Las bioinclusiones del ámbar han permitido identificar abundantes restos de insectos, pertenecientes a once órdenes diferentes. De entre ellos se han identificado algunas especies nuevas:

Paleoecología

Los análisis palinológicos (pólenes y esporas) indican una elevada biodiversidad botánica en la región durante la sedimentación de los depósitos que forman el yacimiento, principalmente pteridofitas y gimnospermas.[2]

Tafonomía

Muestra de ámbar de Rábago/El Soplao en la matriz lutítica.

La asociación de abundantes fragmentos de madera carbonizada y ámbar en las mismas capas y las inclusiones de fibras vegetales en el ámbar, también carbonizadas, han permitido inferir que hubo incendios en el paleobosque que además probablemente indujeron la formación de más resina.[2]

Los estudios biogeoquímicos indican que el ámbar procede de dos fuentes botánicas diferentes: la mayor parte proviene de resina de coníferas del género Frenelopsis, familia Cheirolepidiaceae,[6][7] mientras que el resto parece estar relacionado con resina de otras coníferas, aún no identificadas, pero excluyendo a las de la familia Pineaceae.[2]

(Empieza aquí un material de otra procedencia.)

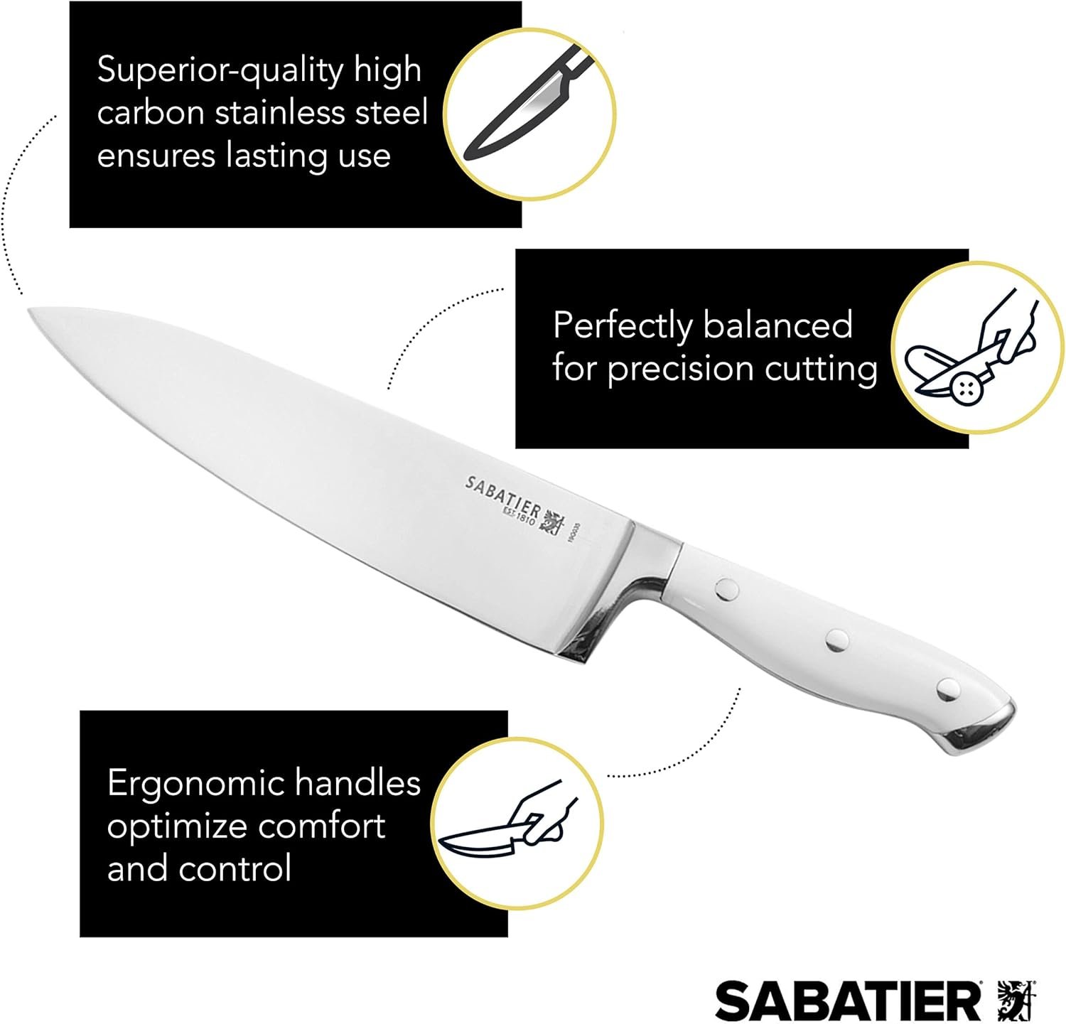 Be the first to review “Sabatier 15-Piece Forged Triple Rivet Knife Block Set, High-Carbon Stainless Steel Kitchen Knives, Razor-Sharp Knife set with Acacia Wood Block, White Handles” Cancel reply
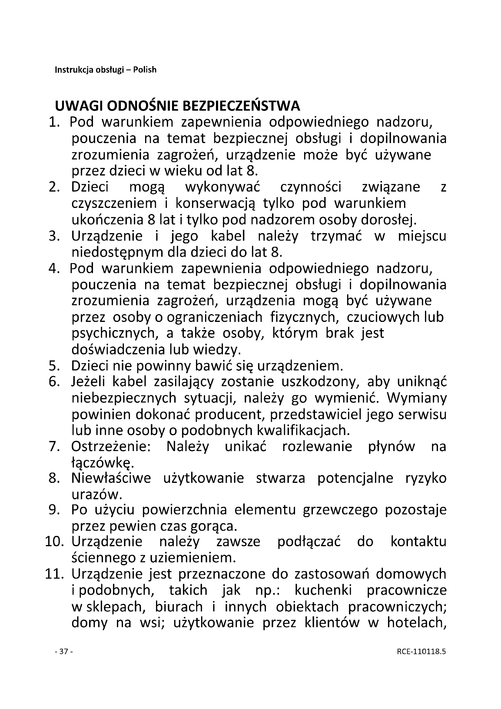 z gorącym olejem lub innymi płynami należy zachować maksymalną ostrożność.- 39 - RCE-110118.5

Por otro lado, el estado de conservación del ámbar revela varios grupos con historia tafonómica diferente. Una parte del ámbar procedería directamente de los árboles, pues presenta estructuras de haber fluido bajo condiciones aéreas,[1] mientras que otra parte tendría una historia más compleja, con su origen fuera del ambiente de formación del yacimiento: Algunos fragmentos de ámbar presentan moldes internos de conchas de moluscos de aguas salobres y ostras rellenos por marcasita. En otros casos se observa la colonización de la superficie de algunas piezas de ámbar de gran tamaño por tubos de gusanos serpúlidos y esqueletos de colonias de briozoos, lo que indica que estas piezas pasaron mucho tiempo en agua marina antes de su enterramiento; sin embargo el tamaño de las piezas indica que estas colonizaciones se produjeron sobre masas de resina polimerizada, no sobre ámbar reelaborado (resina previamente fosilizada procedente de la exhumación por erosión de estratos más antiguos). Todos estos datos indican que el yacimiento se formó en un medio sedimentario mixto, influido tanto por aguas continentales como marinas, en un ambiente litoral o de albufera.[2]